February 12th, 2015 8:22 AM

The Washington Post reported on the front page Thursday that senior NBC officials "seriously considered firing" Brian Williams, and the anchor "failed to secure a promise he can return" later this year. They considered three options: Firing, a lesser suspension, or the suspension without promise of return -- what Williams received.

But the juiciest part of the story by Manuel Roig-Franzia, Scott Higham, and Paul Farhi came at the end.

They also said they were not surprised by the allegations that Williams had inflated his involvement in news stories and what he supposedly witnessed while on assignment. They said his exaggerations were an open secret at 30 Rockefeller Plaza and became an inside joke, mostly because they were not made on “Nightly News.”

“We lost people in Iraq; to us it’s not a joke,” a longtime NBC producer said. “It’s not something you glorify or pound your chest about. You don’t need to inflate these things. There’s just an overwhelming sense of loss.”

There is also a sense that the newsroom has been adrift since Comcast Cable took over NBC Universal in 2011. NBC journalists said editors who once kept a close watch over the broadcast have departed, leaving Williams to operate with few meaningful checks and balances.

As managing editor of “NBC Nightly News,” Williams held enormous sway over story selection and over which reporters would appear on his broadcasts. Journalists with serious reputations were forced out or left on their own after the Comcast takeover. The newsroom hasn’t been the same since, several NBC reporters and producers said. [See Lisa Myers and Michael Isikoff.]

“There are few people who talk to Brian in an authoritative way,” a former top NBC news manager said. “There really wasn’t anyone over him to say anything to him or to question his facts. There was no one managing him. There was constant changing to his whims.

“No one said, ‘No.’”

NBC was well aware of Williams exaggerating his exploits, so when he took it on the air, NBC officials were suspicious of the on-air apology, particularly the anchor’s statement that he had “made a mistake in recalling the events of 12 years ago,” a network source said. “Ninety percent of the people knew it was not misremembering, it was making it up,” the source said.

Internally, Williams, 55, was fighting hard to preserve his reputation and his job.
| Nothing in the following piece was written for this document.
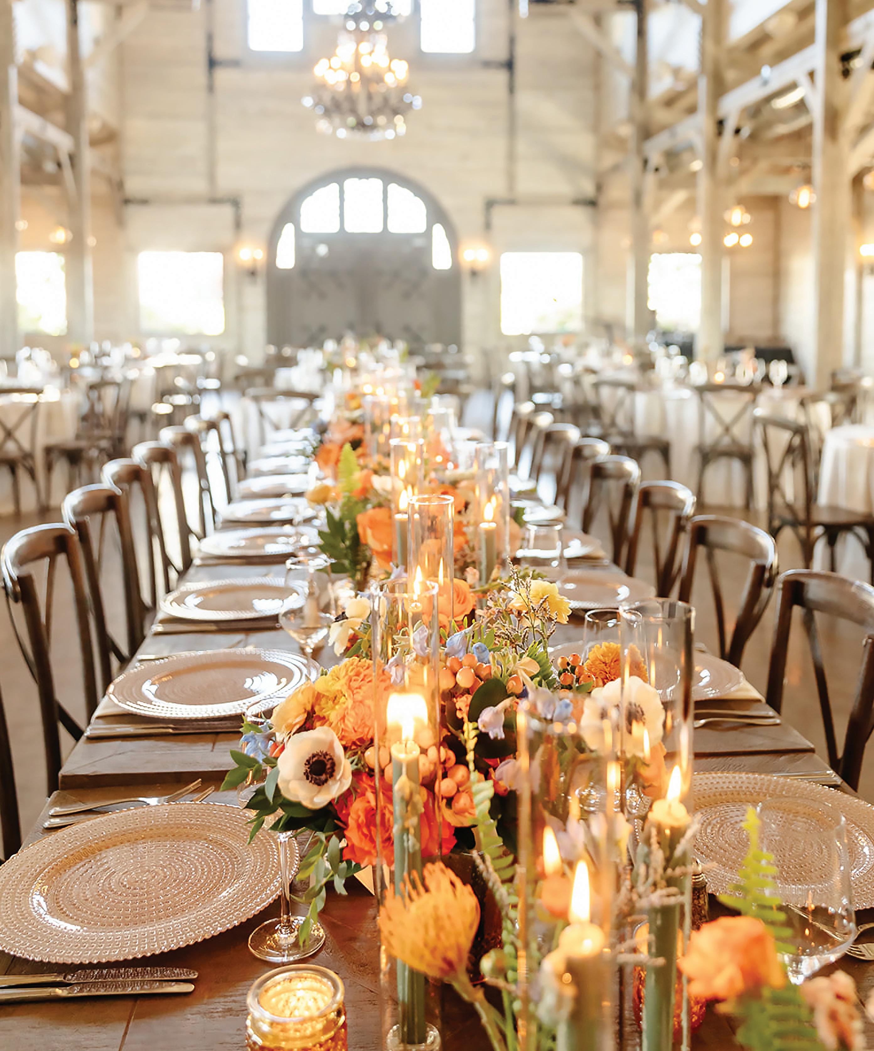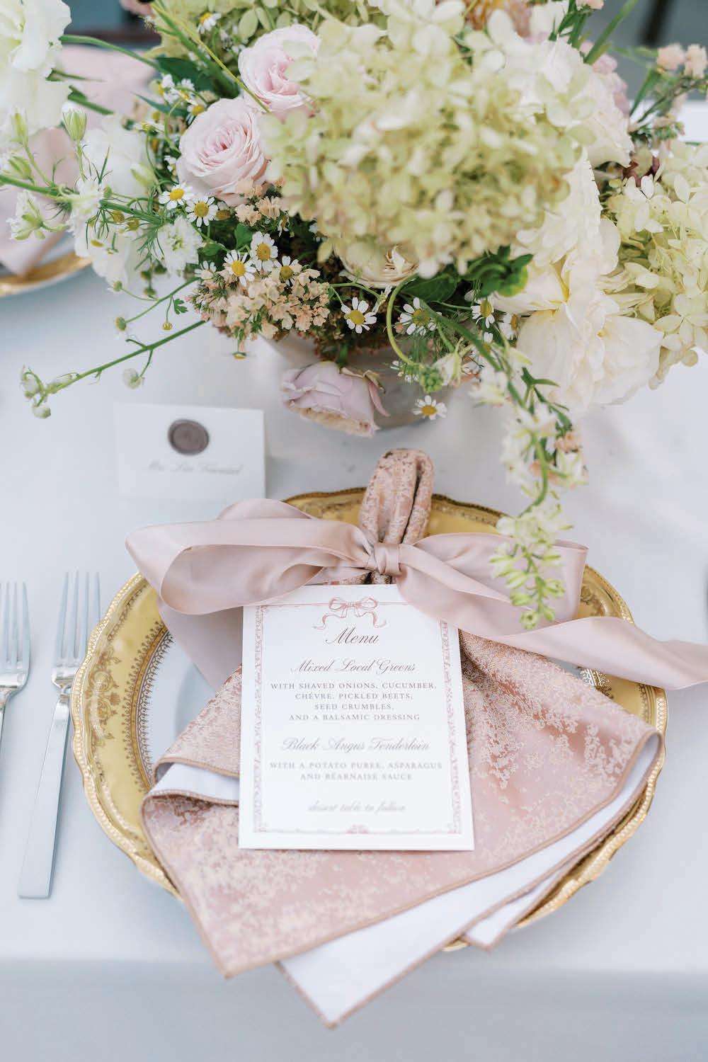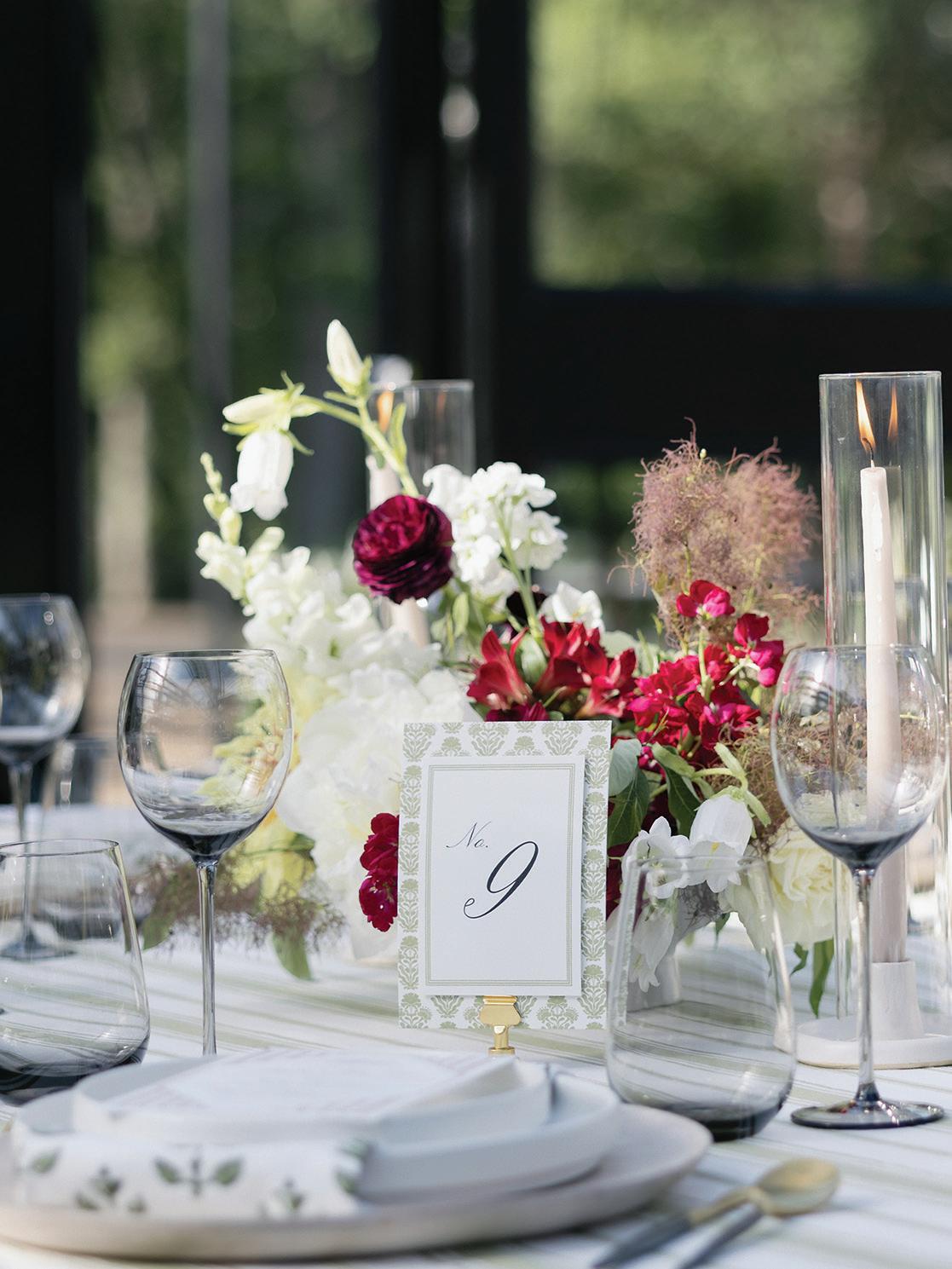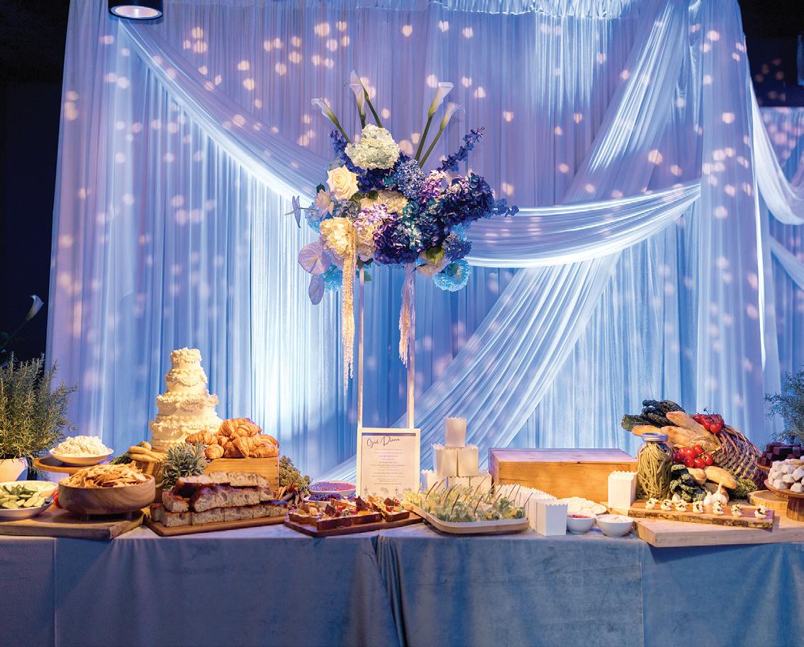 Meredith and Daniel’s wedding was a luminous celebration of love, faith and family, radiating timeless spring elegance. Their story began in college and over seven years, with more than five spent apart, they nurtured their bond through heartfelt letters. These cherished notes became a central theme of the day, inspiring table numbers, a seating chart and a vintage mailbox card box that celebrated their unique journey. Drawing inspiration from the soft beauty of spring, the couple chose a coastal palette of blues, crisp whites and hints of green and silver. The ceremony at Westminster Presbyterian Church reflected the depth of their faith, culminating in a joyful grand exit beneath ringing bells and waving streamers before departing in Daniel’s family’s vintage 1950s Rolls-Royce. The reception at The Beach Club blended romance with waterside sophistication. Whimsical, flowing floral designs in shades of blue, green and neutrals graced the space in clear vases, chinoiserie vessels and silver urns. Layered linens in floral, striped and velvet patterns added texture and visual interest to every table. Guests sipped signature cocktails, toasted with champagne and enjoyed a string quartet during cocktail hour before dancing to a live band under candlelight and shimmering lake views. Every detail, from curated desserts and personalized touches to the soft, ethereal lighting, spoke to the couple’s love story and the legacy of their families. The day was not only a reflection of Meredith and Daniel’s enduring devotion, but a testament to the beauty of love, connection and celebration. — Laura Cross

He was calling people at all hours, looking for some kind of an escape route, according to a top network official. “They were clinging to the, ‘Gee I just conflated my facts here’ story,” the network official said.

But his task was made harder because serious questions were being raised about stories he’d repeated for years about his coverage of Hurricane Katrina in 2005 — a career-defining, award-winning assignment for an anchor with a relatively thin reporting résumé who was eager to cement his journalistic bona fides....

But inside NBC, the Iraq fabrication was seen as the most damaging. “When helicopter crew members get shot down and you attach yourself to what they went through, it’s pretty outrageous,” a person familiar with internal discussions said.

They knew they had a problem, but it hadn't surfaced on air -- until he "reported" his RPG story on air as he related his Rangers-hockey-game salute:

The suspension was the culmination of a long period of internal concerns. NBC officials had been warned for some time about Williams’s exaggerations and self-aggrandizement, the network official said.

People were sending up red flags about a year ago, the official said.

What started out as eye-rolling escalated into genuine concern, but no one took action earlier because the statements that drew attention of staffers were not aired on the news broadcast.

That changed with the hockey-game report. Once Williams used the broadcast to claim his helicopter had been shot down, he crossed a line that led to Tuesday’s decision.